Recently I described this affliction in the context of the city's non-existent accommodation for bicycling:

And that’s because New Albany’s collective 800-lb gorilla, and the ultimate source of the psychosis that so degrades all our future prospects, is an utter failure on the part of government and citizenry alike to muster any degree of comprehension as to what is occurring in the larger world that lies outside their own exceedingly narrow comfort zones.

Consequently, it isn’t just that so many drivers don’t ride bicycles and lack any semblance of understanding of the issues explicated so clearly by Daniel Robison, it’s that they can’t even imagine doing so and moreover cannot imagine life outside the confines of an automobile – and if they can’t imagine it, then how could anyone else?
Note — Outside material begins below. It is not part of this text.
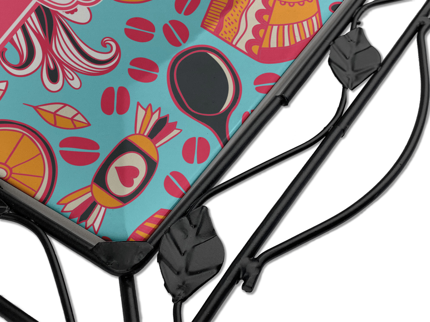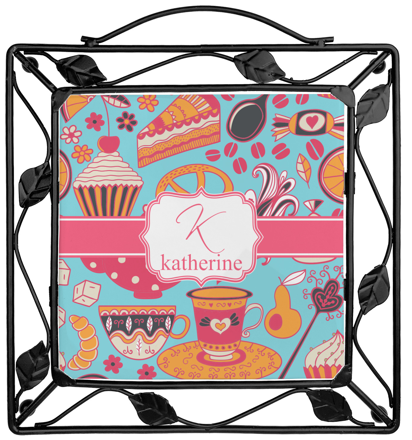 Our square trivets are made from a durable, wrought iron. This model features 4 small half circles, one on each corner, and a larger ring of iron that circles the central, customized tile. Each of the 4 corners has a round foot on its bottom for stability. This trivet is 8.75 by 8.75 inches, but the central tile measures at 6 inches on both sides.

It follows that those who are able to imagine it must be mistaken, defective, or both, and any person sighted on a bicycle must be either too poor to afford a car or restricted to riding a bike because of a mental illness, DUI conviction, bad personal credit or contrarian tendencies …

When it comes to the local kingpins of construction, there’s certainly a paucity of constructive imagination to go around ... and around ... and around. NA Confidential gave lengthy consideration to a veritable "Exhibit A" in this January, 2006 essay:

The Gary: An excess of pure, unadulterated ego? Perhaps tolerable in the exurban sprawl, but not relevant to downtown New Albany.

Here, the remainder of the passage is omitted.